Cette loi rend le service auxiliaire obligatoire. Comme pour le service de l’armée, on ne doit avoir égard, dans ce service auxiliaire, à aucune considération de différence sociale. Si ce service patriotique est rationnellement réglé, on sera rarement obligé de recourir à la contrainte. Il paraît indispensable de rendre ce service également obligatoire pour les femmes, car leur travail peut avoir une grande importance au point de vue militaire. »

Le Kaiser a investi Hindenburg d’une autorité illimitée. La gravité des mesures prises montre bien d’ailleurs que l’Allemagne….. (malheureusement ici encore la photocopie trop pâle est illisible)

France

La France est victime de ses institutions, de son régime stupide. Nous en sommes toujours et il ne saurait en être autrement à attaquer-aborder, défini par Charles Benoist « N’importe qui étant bon à n’importe quoi, peut être mis n’importe quand, à n’importe quel endroit ».

Que fait la Chambre : elle se réunit chaque jour à 2 h 30 en séance secrète pour délibérer sur des interpellations dont la liste s’allonge chaque jour, il y en a déjà quarante cinq…

Il y en a paraît-il pour trois semaines. Après nous aurons des séances secrètes au Sénat…

De quoi est-il question dans ces séances, sans doute de questions nationales mais de quelques unes encore je suppose où les rancunes des partis et les préoccupations personnelles ne sont pas étrangères. A l’abri du secret, l’Union sacrée doit en voir de belles et nos honorables échangent entre incompétents de copieuses injures.
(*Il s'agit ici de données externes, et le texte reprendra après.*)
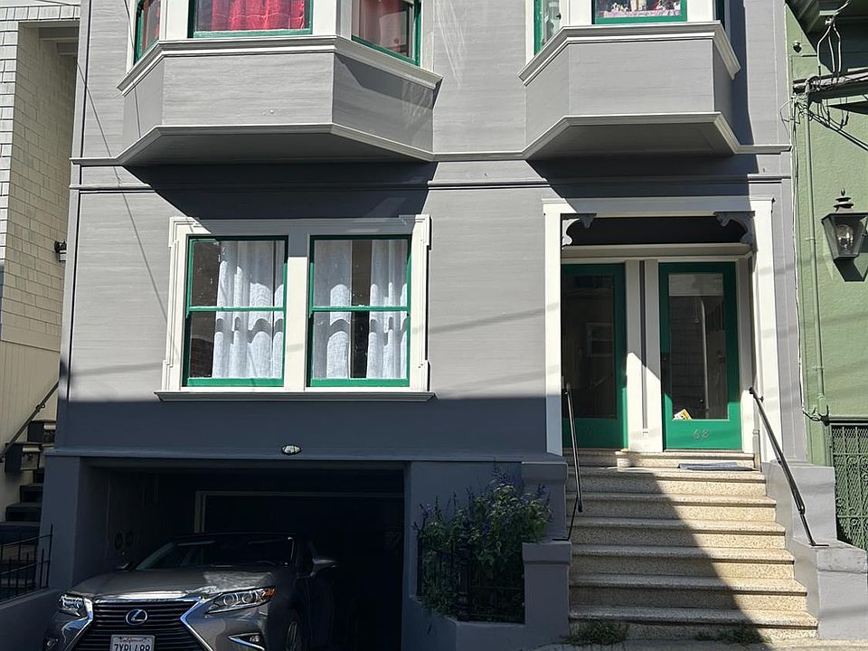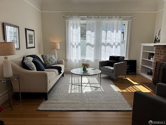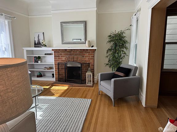 Outstanding Edwardian 2 full-floor flats with parking and roof deck with Golden Gate Bridge and Bay views. Lower flat is one-bedroom with a den (den is staged as second bedroom), formal dining room, living room with fireplace, large kitchen and full bathroom. Sparkling hardwood floors and lots of period detailing throughout. Top flat has two bedrooms, large kitchen, dining room, living room with bay windows, full bath and lots of light. Garage can accommodate one large car, has a washer/dryer room, storage room and additional storage. Fantastic location! Walk score of 98. Close to Polk St. shops and restaurants. Also close to Hyde St. and Union St. Located in the heartbeat of the city.

Nos 23 ministres sont obligés d’être assidus aux séances et, quand ils n’y sont pas, doivent préparer leurs réponses et leurs discours – sans compter des séances devant les commissions du Sénat et de la Chambre.
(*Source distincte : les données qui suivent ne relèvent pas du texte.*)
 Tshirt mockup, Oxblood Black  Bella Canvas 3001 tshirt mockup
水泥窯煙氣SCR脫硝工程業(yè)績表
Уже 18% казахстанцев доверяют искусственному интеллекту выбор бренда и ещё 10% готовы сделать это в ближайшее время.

Dans le même temps en Allemagne, le Kaiser et Hindenburg conçoivent et exécutent.

Le contraste finit par crever les yeux même des parlementaires et des démocrates les plus enragés. On juge un arbre à ses fruits.

Tous les journaux font paraître des appels à l’unité, à l’autorité.

Avec le temps de paix, nos institutions démocratiques conduisaient infailliblement la France à sa ruine complète par suite de la décomposition lente de tous les principes vitaux d’une société. La mort de la France était certaine, mais elle serait venue lentement.

En temps de guerre, ces institutions démocratiques peuvent nous conduire à la mort violente.

Fort heureusement, les pays sont comparables à des organismes vivants ; quand une pourriture les envahit et menace leur existence, il se produit automatiquement une réaction de la vie contre la mort, les éléments pourris sont violemment rejetés.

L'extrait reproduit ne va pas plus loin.